どういうわけだろう。理由はわかない。予定のある日に限って、仕事の依頼が舞い込む。重なる。

内容は表のリストを埋めること。手間がかかる単純作業だ。僕の作業速度は1時間につき30リスト。明日までに300リストを作成しなければならない。現在、60リストまで作成。単純作業の特有現象の凝りが発生する。

休憩を挟む。

ナッツ入りのチョコレートをかじり、緑茶を味わう。深く、ゆっくりと息をはく。それをじっくりと吸い、肺にいきわたっていることを意識する。何度か繰り返す。体内の足先から手先まで十分な空気がいきわたる。太ももの筋肉を十分に伸ばし、全身で背伸びをする。ググっ。手のひらを重ねて、指を組み、それを胸ではなく外側に、思い切り伸ばす。そして、両手を目いっぱい広げて、腕の筋肉を伸ばす。身体から力が抜けて、ようやく頭が弛緩する。

近所でノラ子猫の声が聞こえる。か細くて、何かを求めるような声。僕がその声を「何かを求める」と形容した理由は、僕もノラ子猫同様に、何かを求めているからだろうか。それとも僕は十分に満ち足りているからこそ、その声に反応したのだろうか。何かを分け与えるために。

リスト作成は長い戦いだ。長いが、決して終わらないというわけではない。いずれにせよ、いつか終わる。

追記:3月23日午前6時半。

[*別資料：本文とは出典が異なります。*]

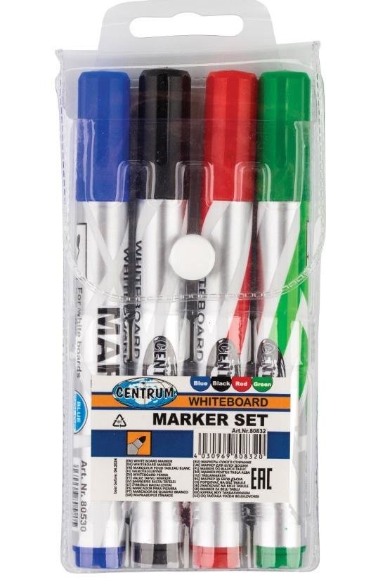 Zestaw 4 markerów(czarny,niebieski,czerwony, zielony) do pisania po tablicy. -szybkoschnący, ścieralny tusz -okrągła końcówka prečítať celé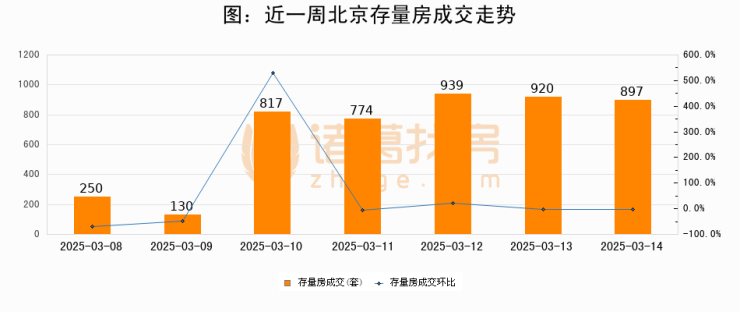从存量房来看,2025年03月14日北京存量房单日成交897套,比昨日减少23套,环比下降2.5%。从近一周存量房成交来看,北京存量房日均成交套数为675套,03月14日单日成交897套,高于近一周平均水平32.9%。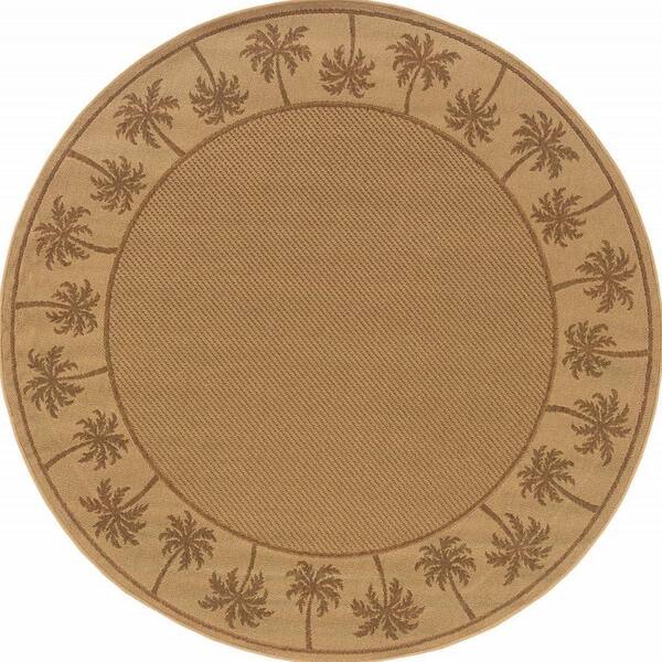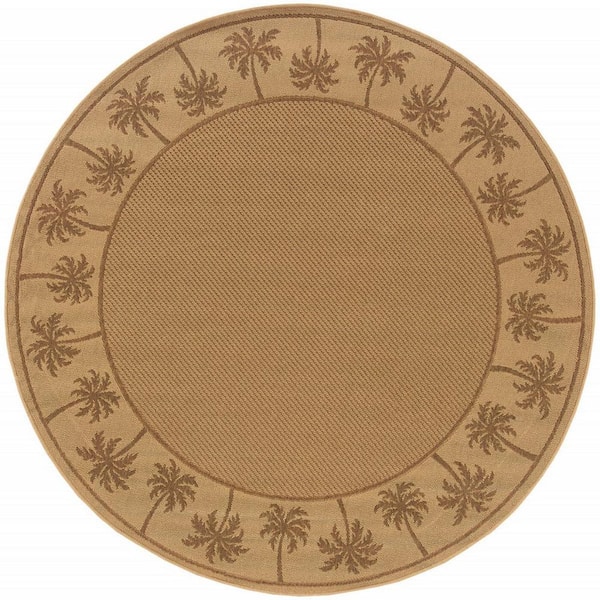 Beige 8 ft. x 8 ft. Loomed Border Polypropylene Round Indoor/Outdoor Area Rug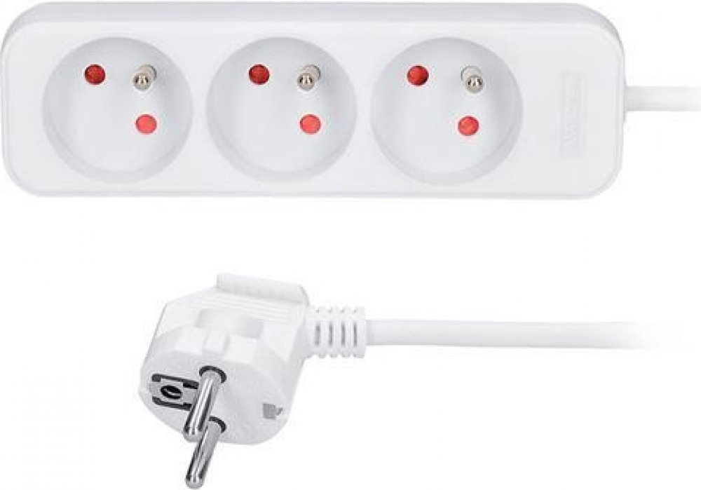Prodlužovací přívod Solight Technické parametry: - počet zásuvek: 3 - průřez vodičů: 3 x 1mm2 - typ kabelu: H05VV-F3 - lomená vidlice - barva: bílá - délka: 5m - 230V/10A

僕はたっぷりと酸味の利いた甘いベイクドチーズケーキを食べたいと思う。生地を咀嚼し、唾液と混じりあった舌にからみ付くようなねっとり感を味わう。ほどよい甘みと飽きのこないチーズの酸味で疲れをほぐしたい。
アアア。大きなあくびが出る。僕は朝の冷たい空気をたっぷり吸い込まされ、左目が涙をこぼす。

9時。妙に楽しい気分になる。理由は不明。心身の疲れが消える。作業はだるいが、あまりに愉快だ。ラブサイケデリコを聞く。彼女たちはこういう気分のときに作曲したに違いないと確信する。メロディーが僕の身体によくなじむ。もっと僕をその曲に乗せてくれ、乗りたい。

不安も雑念もない。珍しいことだ。集中力と全能感が身体を支配。あるいは逆か。僕は淡々と作業をこなす。なぎさ公園を散歩している情景が頭に浮かぶ。あれほど贅沢な時間はなかなかない。

作業を続けるうちに、この気分がずっと続いてくれるのだろうかと不安になる。11時半に作業終了。昼寝。